• _What the exercise asks_
What you should give back is every line from the one containing "華(12画)咲(9画) 優(17画)梨(11画)奈(8画)" through the last line of the records below, word for word and without pictures.

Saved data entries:

<<<<

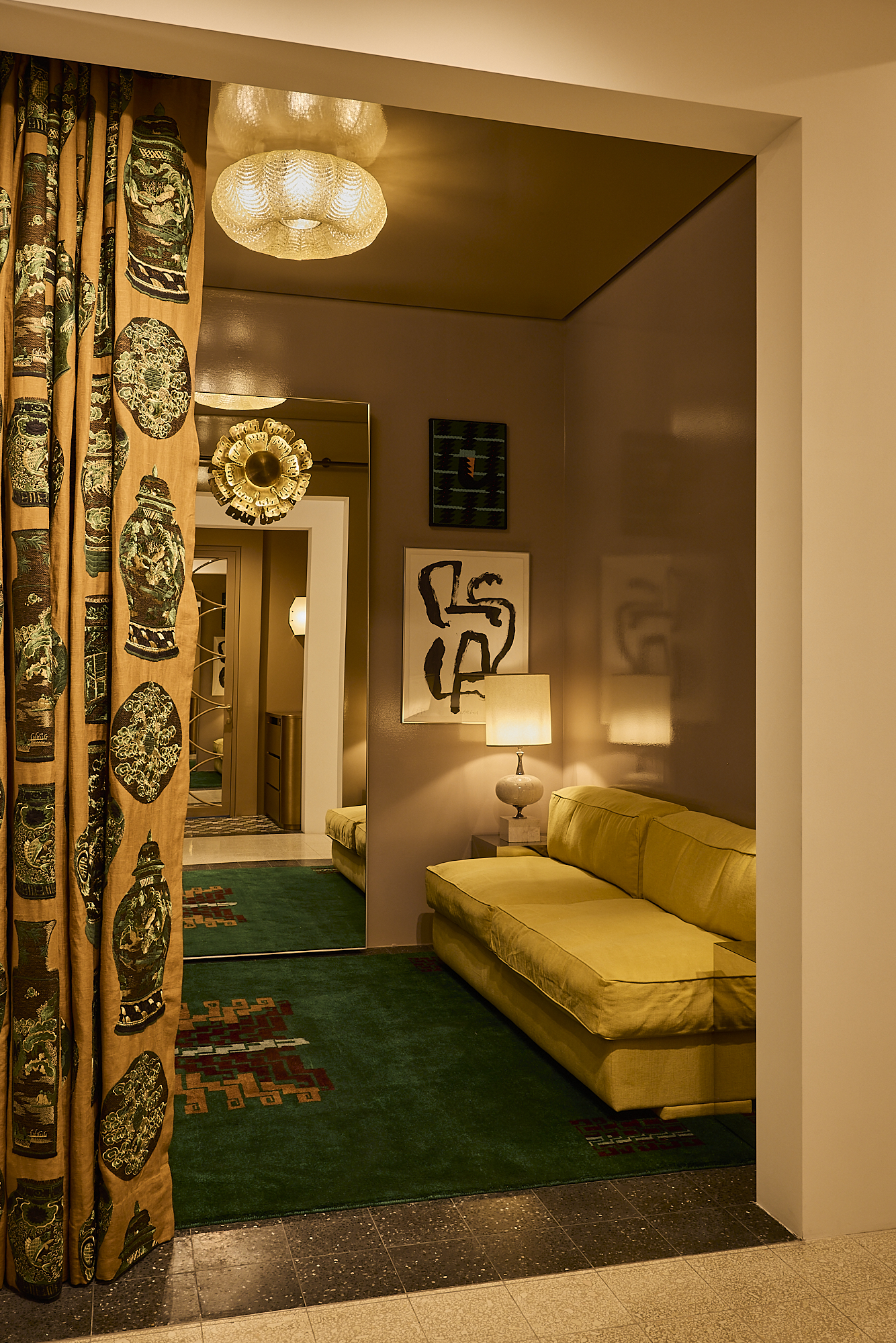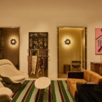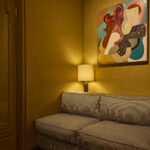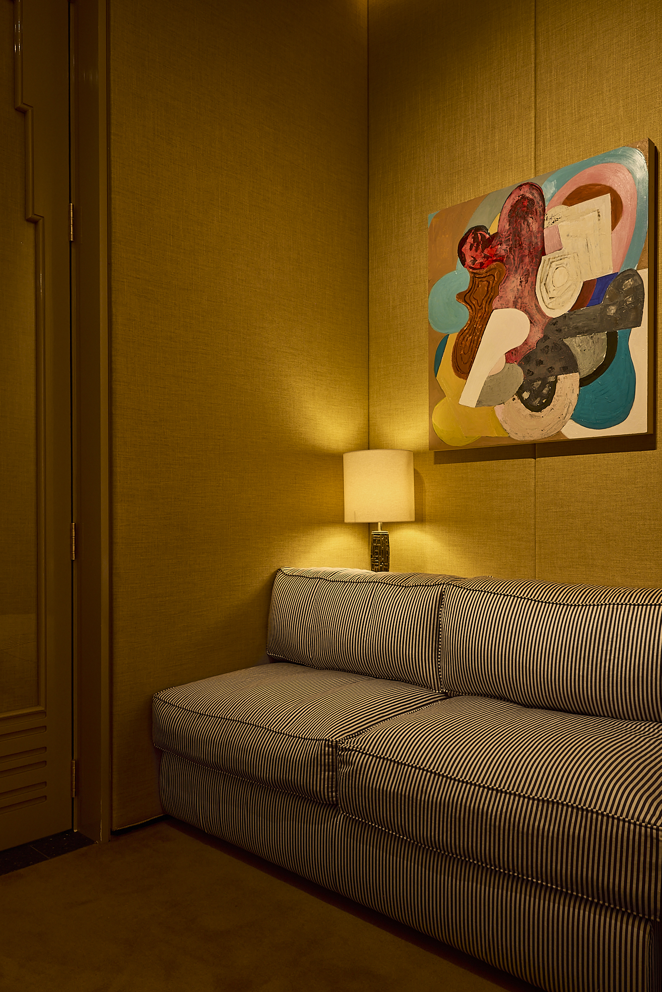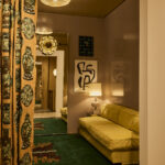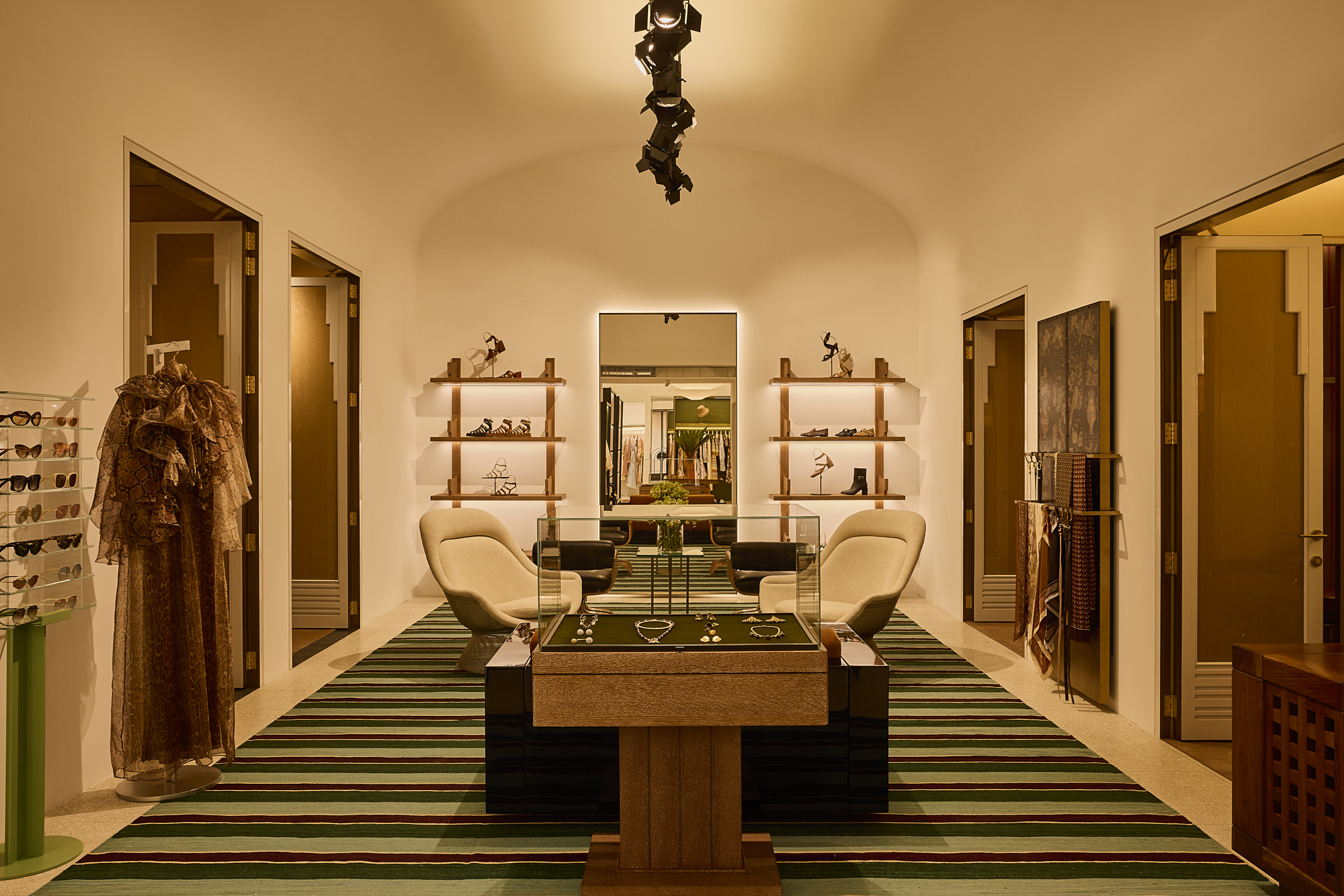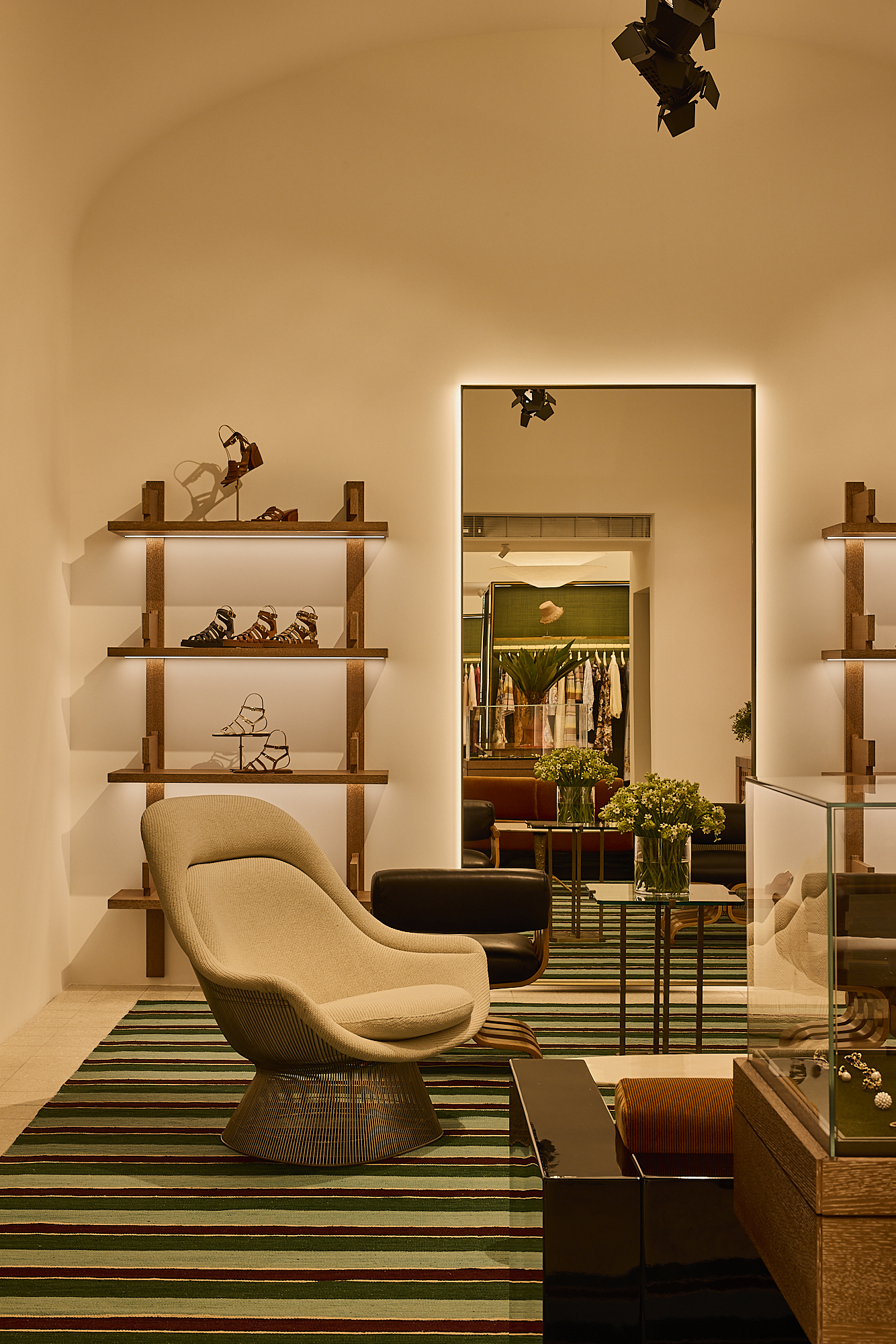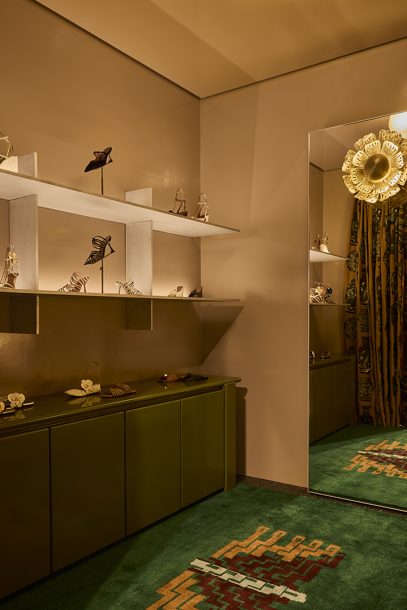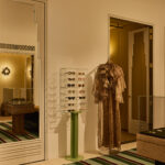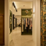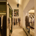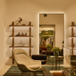 كما يبرز ركن الاستراحة بسجادة مخططة بالأخضر والأزرق تقود نحو أريكة سبعينية معاد تنجيدها، تواجه رفوف أحذية خشبية تمتد من الأرض حتى السقف. ولإضفاء مزيد من الخصوصية، صُمّمت غرف قياس رحبة مبطّنة بالأقمشة مع مقاعد وطاولات جانبية. أما الإكسسوارات الناعمة والأحزمة، فتُعرض بأناقة على شاشة شرقية عتيقة من منتصف القرن العشرين.
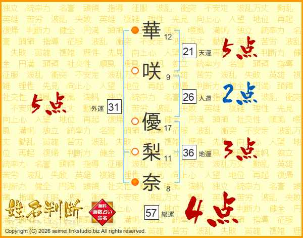 華(12画)咲(9画) 優(17画)梨(11画)奈(8画)
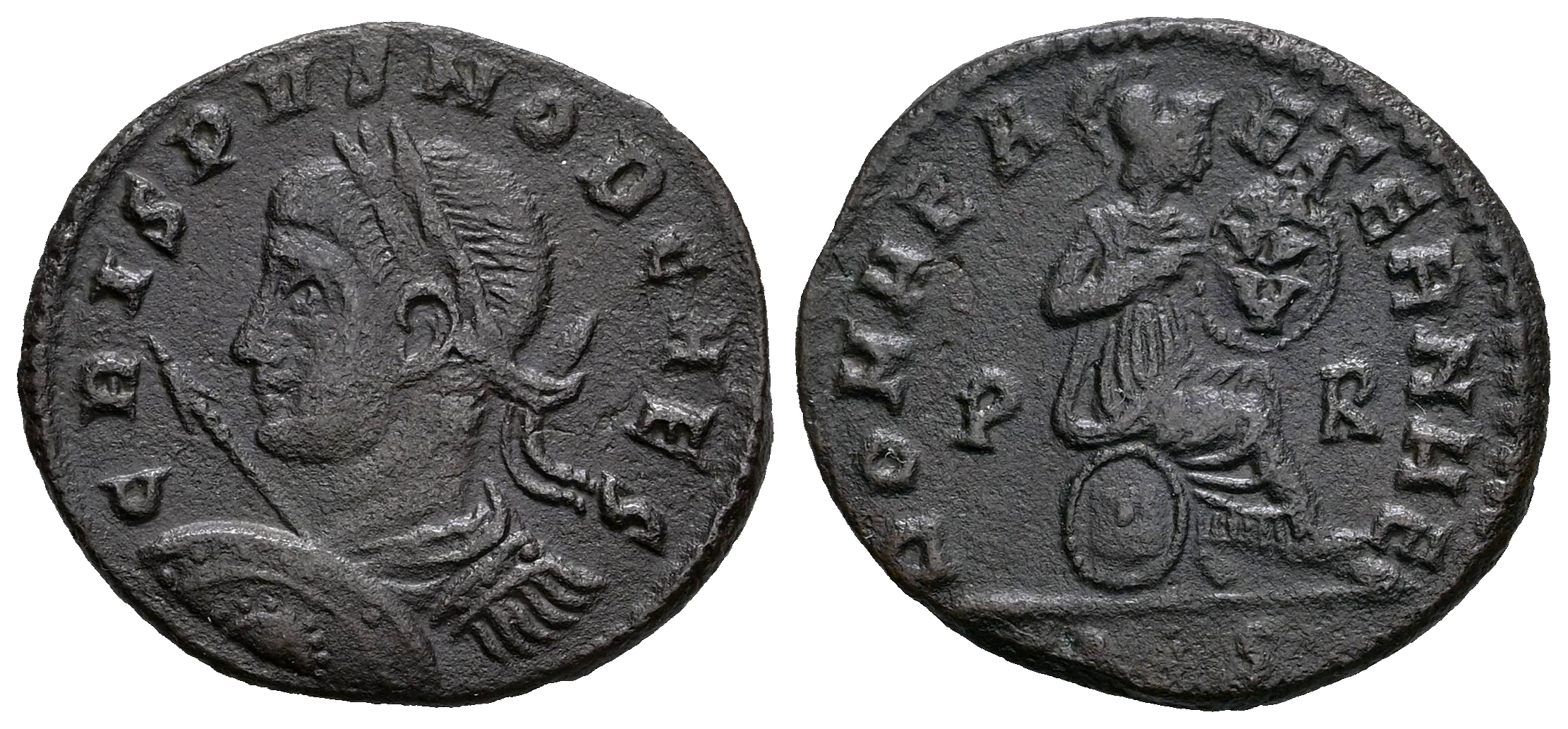 Crispo. Follis. 318-319 d.C. Roma. (Ric-VII 152). (Tesorillo-Crispo 22, mismo ejemplar). Anv.: CRISPVS NOB CAES, Busto laureado y con coraza a la izquierda, portando lanza y escudo. Rev.: ROMAE AETERNAE, Roma sedente a la derecha, inscribiendo XV en dos líneas sobre escudo; P-R a través de los campos, RS en exergo. Ae. 2,62 g. Rara. MBC. Est...45,00.
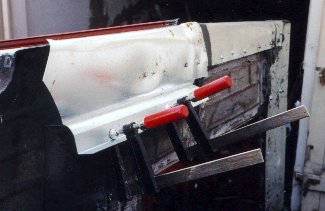 l'intérieur de la voiture et les vis du serre-joint sur la tôle.
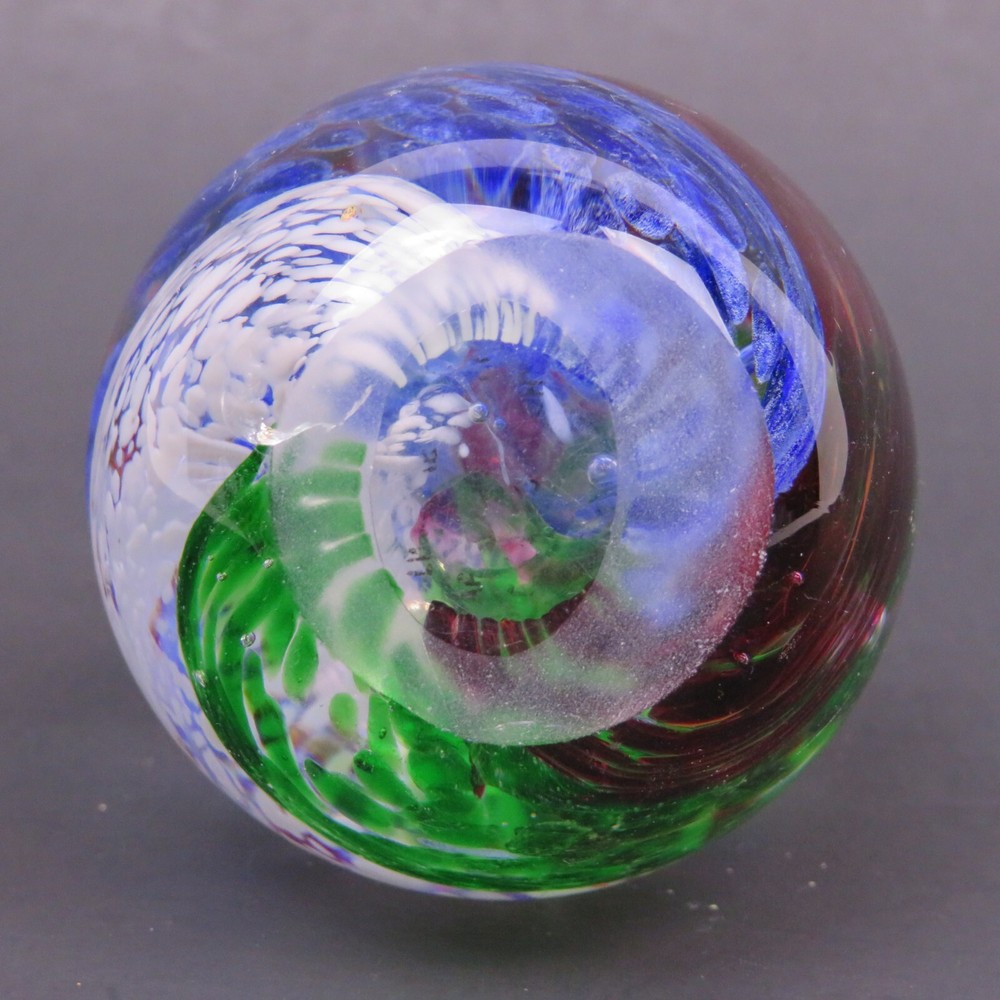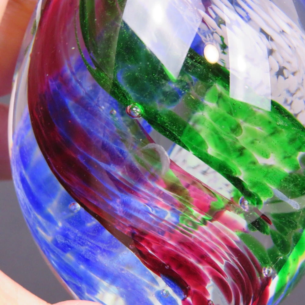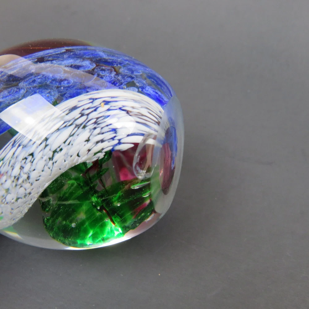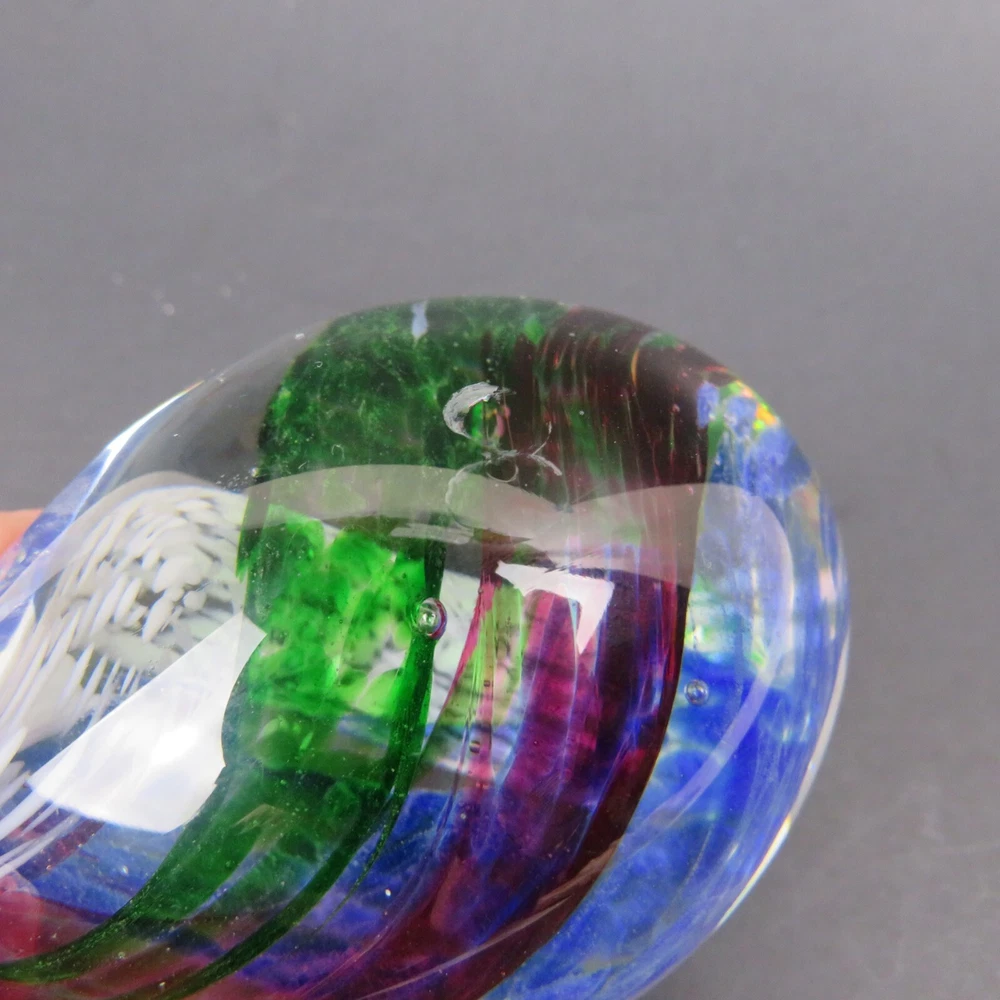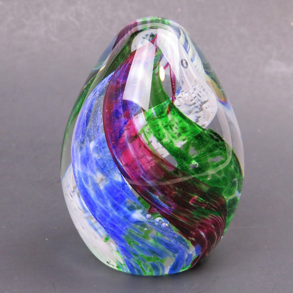 Art Glass Studio 5 Swirling Colors Egg Elliptical Shaped Paperweight 3-3/8" Tall 7-5/8" Diameter There are a Few Small Marks on Glass. Please see Pictures

>>>>

• _Response area_
 華(12画)咲(9画) 優(17画)梨(11画)奈(8画)
 Crispo. Follis. 318-319 d.C. Roma. (Ric-VII 152). (Tesorillo-Crispo 22, mismo ejemplar). Anv.: CRISPVS NOB CAES, Busto laureado y con coraza a la izquierda, portando lanza y escudo. Rev.: ROMAE AETERNAE, Roma sedente a la derecha, inscribiendo XV en dos líneas sobre escudo; P-R a través de los campos, RS en exergo. Ae. 2,62 g. Rara. MBC. Est...45,00.
 l'intérieur de la voiture et les vis du serre-joint sur la tôle.
 Art Glass Studio 5 Swirling Colors Egg Elliptical Shaped Paperweight 3-3/8" Tall 7-5/8" Diameter There are a Few Small Marks on Glass. Please see Pictures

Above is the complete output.